§ Supplied material
************

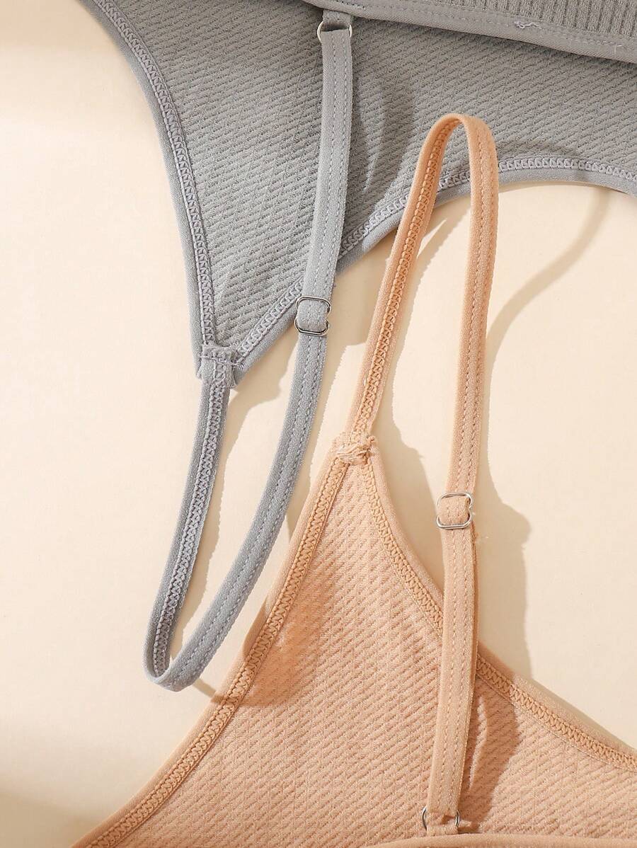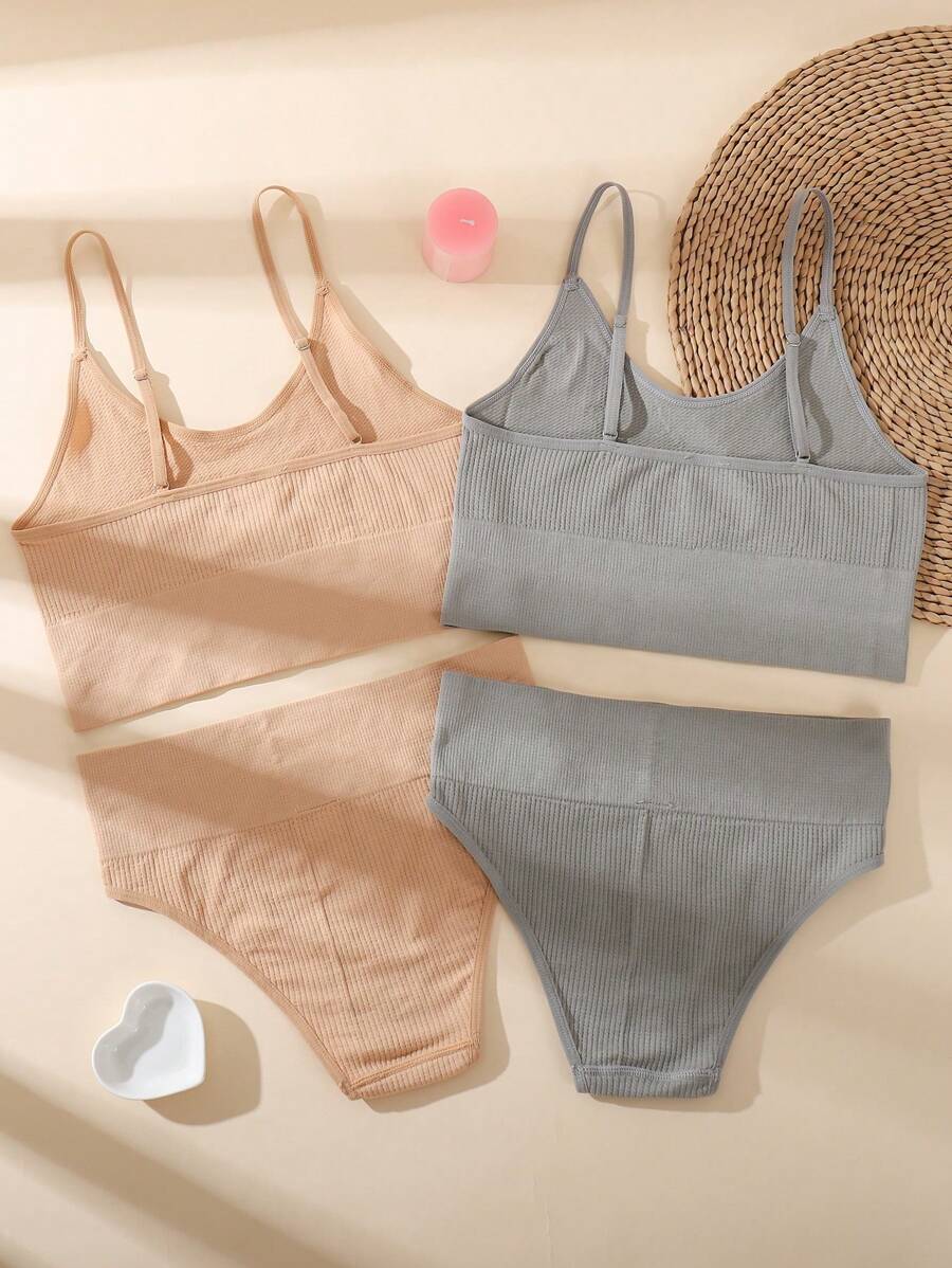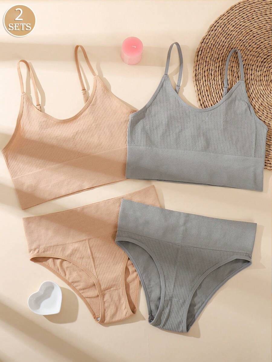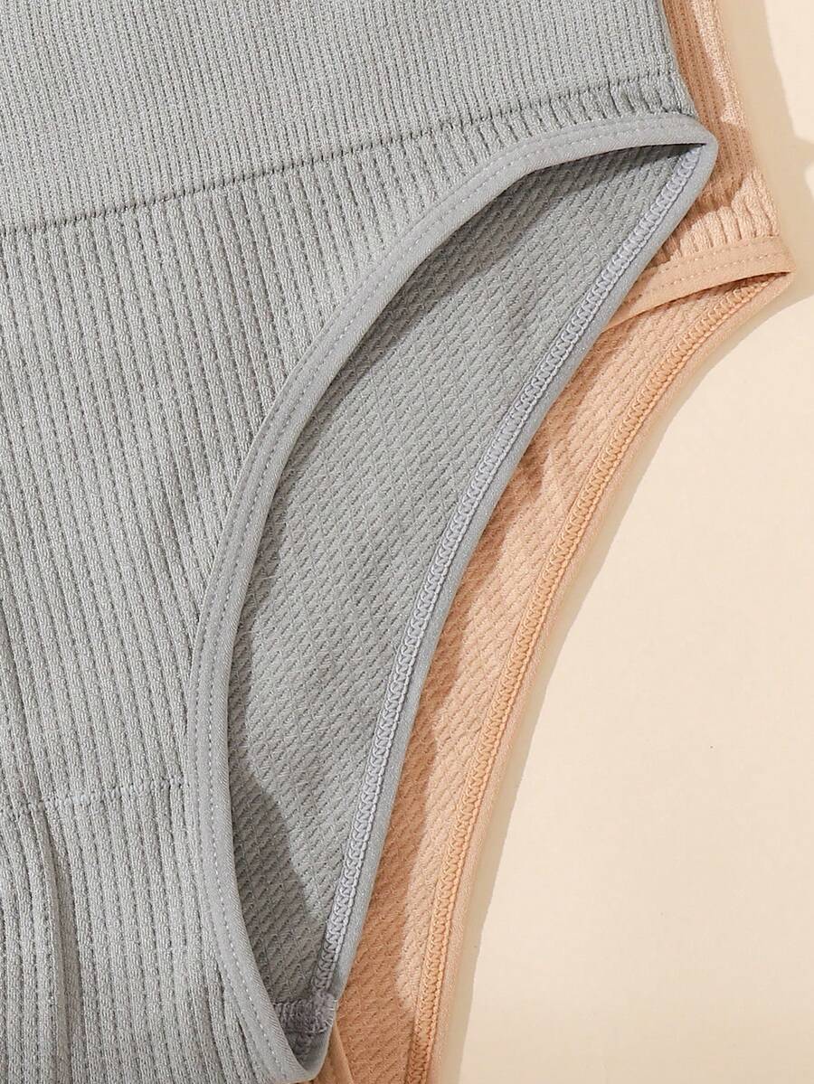 2 piezas conjunto de ropa interior sin costuras de unicolor acanalado para mujer, tela comoda, diseno simple y ajustado
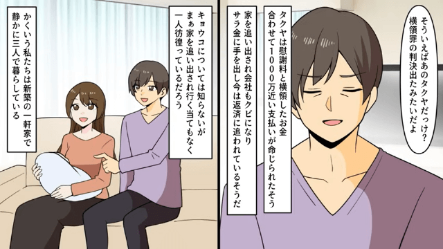 元夫は会社をクビになった上に家から追い出され、慰謝料と横領したお金の返済で1000万円近い支払いを命じられたようです。 一方、主人公と夫は迷惑な元夫と元義母のことを忘れ、生まれてきた子どもとともに新築の一軒家で幸せな暮らしを送るのでした。
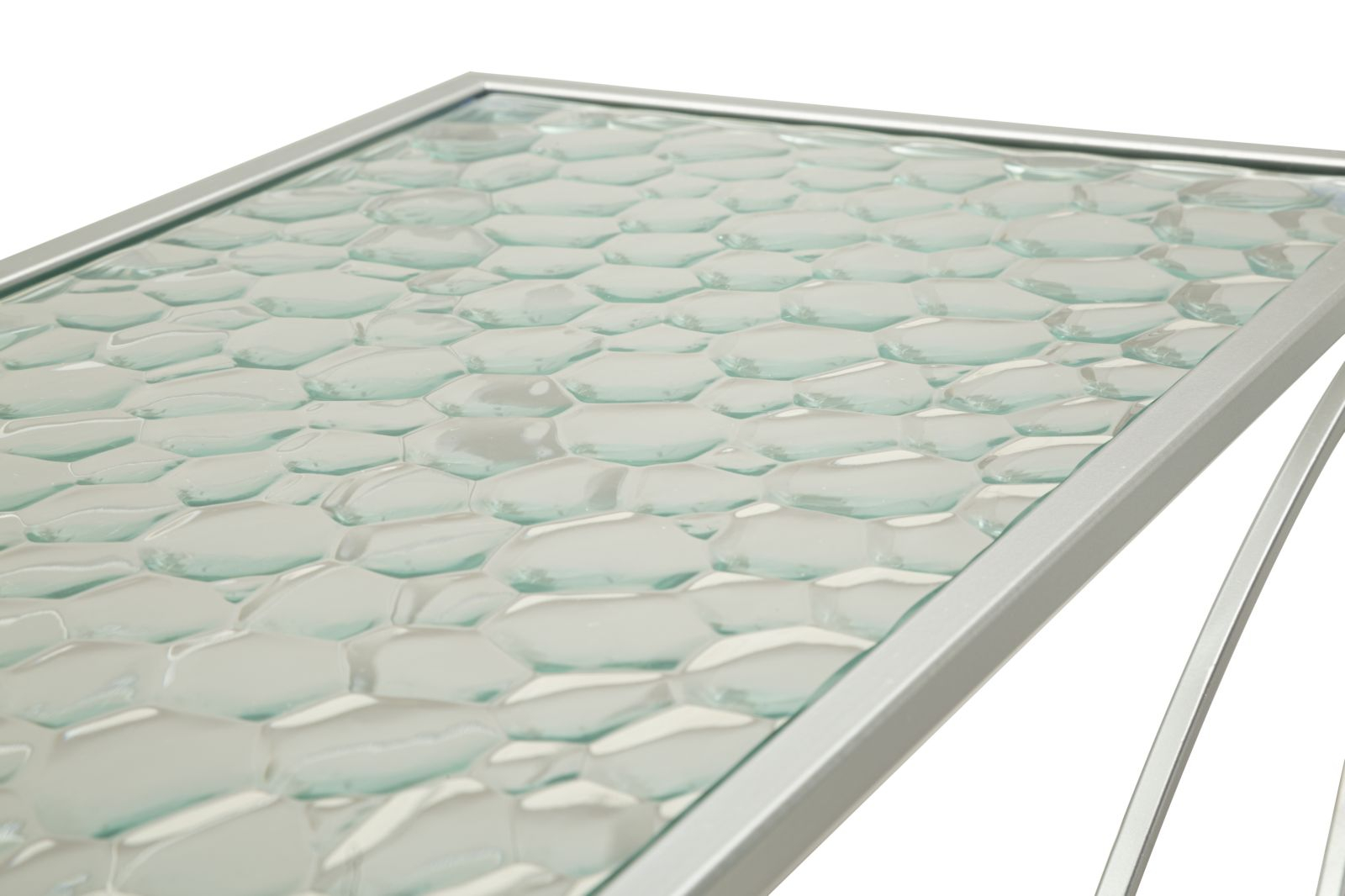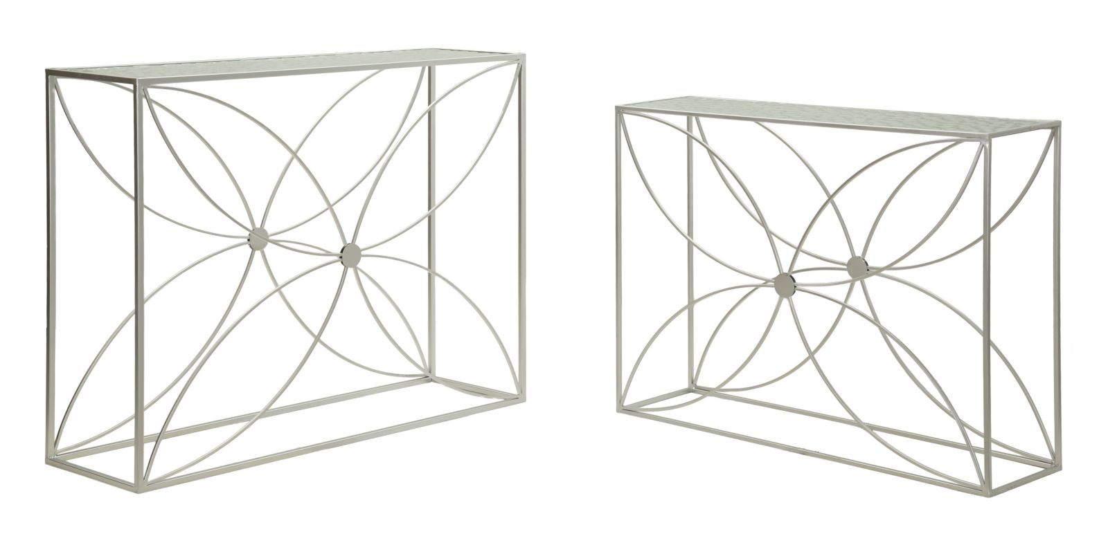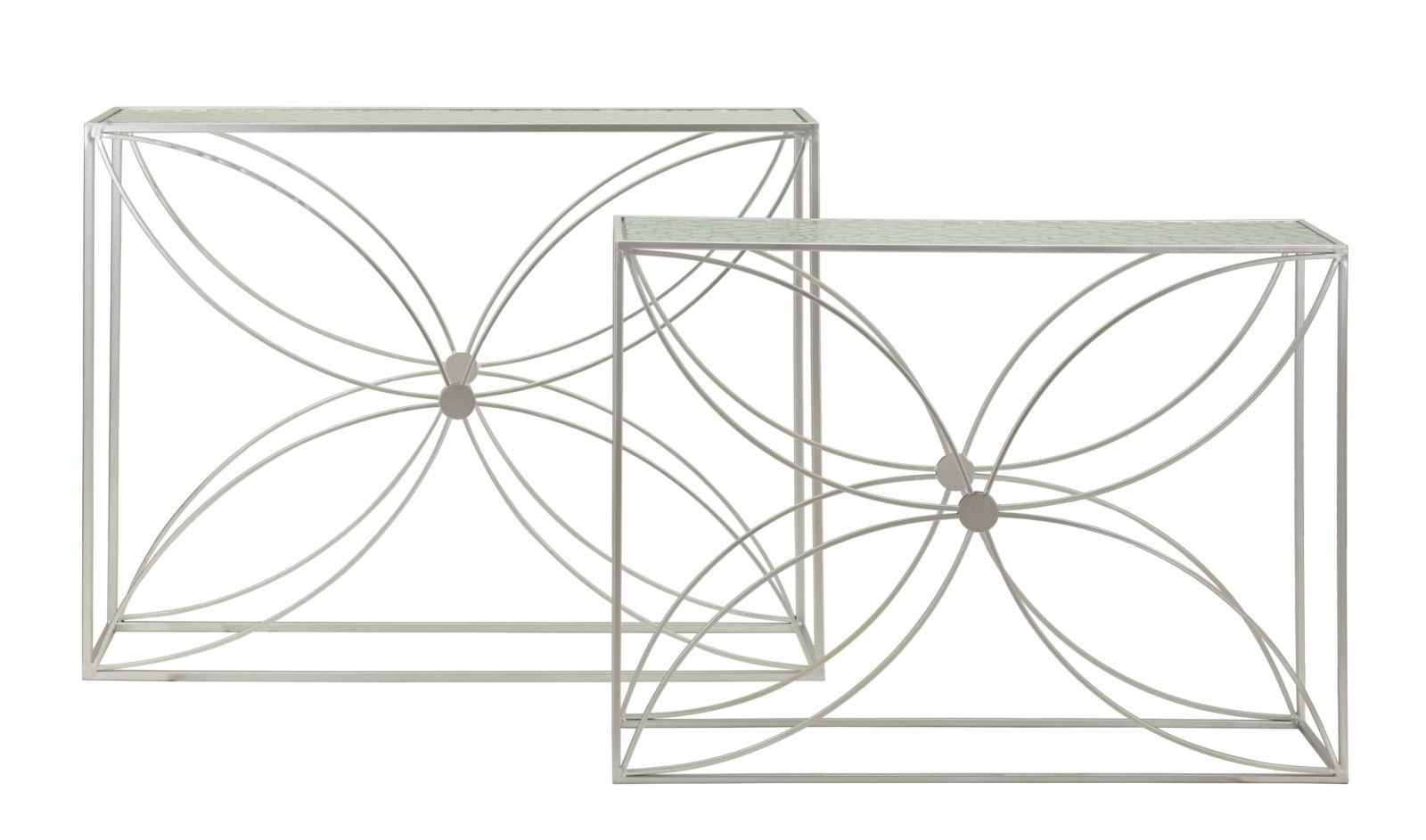 Setul de console Paradise impresionează prin eleganță și rafinament, transformând orice spațiu într-un decor sofisticat. Structura metalică argintie este completată de un model floral geometric delicat, care adaugă personalitate și lumină încăperii, în timp ce blatul din sticlă oferă un aspect aerisit și modern.

************

§ Work request
Everything in the listing except the pictures must be reproduced exactly.

§ Your response
 2 piezas conjunto de ropa interior sin costuras de unicolor acanalado para mujer, tela comoda, diseno simple y ajustado
 元夫は会社をクビになった上に家から追い出され、慰謝料と横領したお金の返済で1000万円近い支払いを命じられたようです。 一方、主人公と夫は迷惑な元夫と元義母のことを忘れ、生まれてきた子どもとともに新築の一軒家で幸せな暮らしを送るのでした。
 Setul de console Paradise impresionează prin eleganță și rafinament, transformând orice spațiu într-un decor sofisticat. Structura metalică argintie este completată de un model floral geometric delicat, care adaugă personalitate și lumină încăperii, în timp ce blatul din sticlă oferă un aspect aerisit și modern.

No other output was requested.